Implement Local RAG Service: Integrate Open WebUI, Ollama, and Qwen2.5

Introduction#

When building information retrieval and generative AI applications, the Retrieval-Augmented Generation (RAG) model has gained increasing popularity among developers due to its powerful ability to retrieve relevant information from knowledge bases and generate accurate answers. However, achieving an end-to-end local RAG service requires not only the right model but also the integration of a robust user interface and an efficient inference framework.

Utilizing an easily deployable Docker approach can greatly simplify model management and service integration when constructing a local RAG service. Here, we rely on the user interface and model inference service provided by Open WebUI, and introduce the bge-m3 embedding model via Ollama to achieve document vectorization for retrieval, thereby assisting Qwen2.5 in generating more precise answers.

In this article, we will discuss how to quickly launch Open WebUI via Docker, synchronize Ollama's RAG capabilities, and implement an efficient document retrieval and generation system in conjunction with the Qwen2.5 model.

Project Overview#

This project will utilize the following key tools:

Open WebUI: Provides a web interface for user interaction with the model.
Ollama: Used for managing embedding and large language model inference tasks. The bge-m3 model in Ollama will be used for document retrieval, while Qwen2.5 will be responsible for answer generation.
Qwen2.5: The model part utilizes the Qwen 2.5 series launched by Alibaba, providing natural language generation for retrieval-augmented generation services.

To implement the RAG service, we need the following steps:

Deploy Open WebUI as the user interaction interface.
Configure Ollama to efficiently schedule the Qwen2.5 series models.
Use the embedding model named bge-m3 configured in Ollama to achieve retrieval vectorization processing.

Deploying Open WebUI#

Open WebUI provides a simple Dockerized solution, allowing users to start the web interface directly without manually configuring a large number of dependencies.

First, ensure that Docker is installed on the server. If not, you can quickly install it using the following command:

curl https://get.docker.com | sh

Then create a directory to save Open WebUI's data, so that the data will not be lost after project updates:

sudo mkdir -p /DATA/open-webui

Next, we can start Open WebUI with the following command:

docker run -d -p 3000:8080 \
        --add-host=host.docker.internal:host-gateway \
        -v /DATA/open-webui:/app/backend/data \
        --name open-webui \
        --restart always \
        ghcr.io/open-webui/open-webui:main

If you want to run Open WebUI with Nvidia GPU support, you can use the following command:

docker run -d -p 3000:8080 \
        --gpus all \
        --add-host=host.docker.internal:host-gateway \
        -v /DATA/open-webui:/app/backend/data \
        --name open-webui \
        --restart always \
        ghcr.io/open-webui/open-webui:cuda

Here, we expose the Open WebUI service on port 3000 of the machine, which can be accessed via the browser at http://localhost:3000 (for remote access, use the public IP and open port 3000). /DATA/open-webui is the data storage directory, and you can adjust this path as needed.

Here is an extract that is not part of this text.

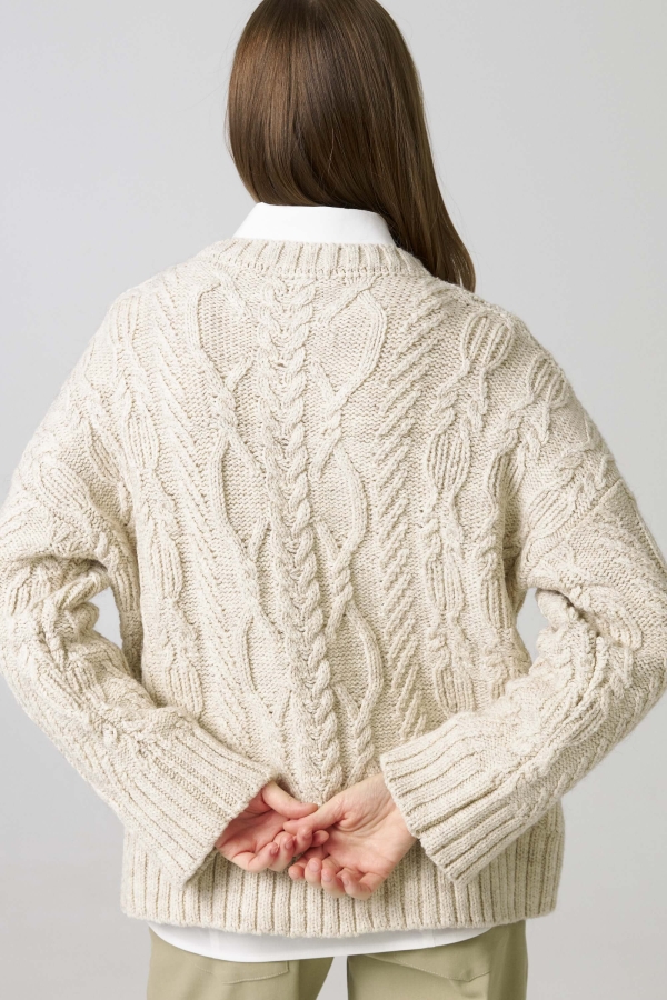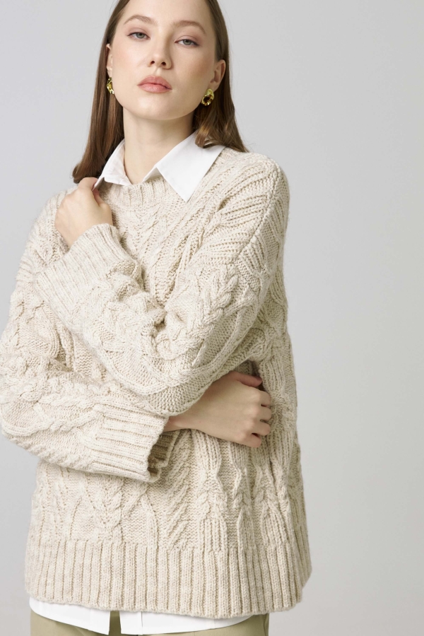 Уютный джемпер из смесовой пряжи с шерстью. Модель свободного силуэта со спущенной линией плеча. Вязка косами. Круглый вырез. Резинка на рукавах и по низу изделия.

Of course, in addition to the Docker installation method, you can also install Open WebUI via pip, source compilation, Podman, etc. For more installation methods, please refer to the Open WebUI official documentation.

Basic Settings#

Enter the account information to register, set a strong password!!!

Important

The first registered user will be automatically set as the system administrator, so please ensure you are the first registered user.

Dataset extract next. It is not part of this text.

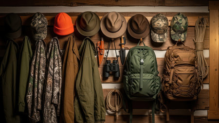 Realistic hunting setup with gear, wildlife, and outdoor elements on a rugged wooden backdrop. A.I.
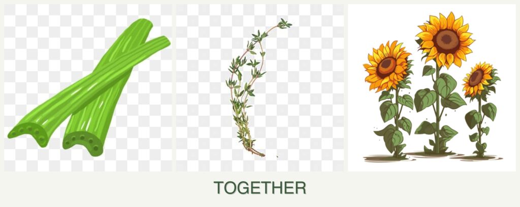 - Nutrient Needs: Celery is a heavy feeder, sunflowers are moderate feeders, and thyme requires fewer nutrients, making them compatible if soil fertility is managed.

Click the avatar in the lower left corner and select the admin panel.
Click on settings in the panel.
Disable new user registration (optional).
Click save in the lower right corner.

Configuring Ollama and Qwen2.5#

Deploying Ollama#

Install Ollama on the local server. Currently, Ollama provides various installation methods, please refer to Ollama's official documentation to download and install the latest version 0.3.11 (Qwen2.5 only starts supporting this version). Installation details can be found in an article I previously wrote: Ollama: From Beginner to Advanced.

Start the Ollama service (if started via Docker, this is not necessary, but port 11434 must be exposed):

ollama serve

Once the Ollama service is started, you can connect to it by accessing http://localhost:11434.

Ollama Library provides semantic vector models (bge-m3) and various text generation models (including Qwen2.5). Next, we will configure Ollama to meet the needs of document retrieval and question-answer generation for this project.

Downloading the Qwen2.5 Model#

To install Qwen2.5 via Ollama, you can run the ollama pull command directly in the command line to download the Qwen2.5 model. For example, to download the 72B model of Qwen2.5, you can use the following command:

ollama pull qwen2.5:72b

This command will fetch the Qwen2.5 model from Ollama's model repository and prepare the runtime environment.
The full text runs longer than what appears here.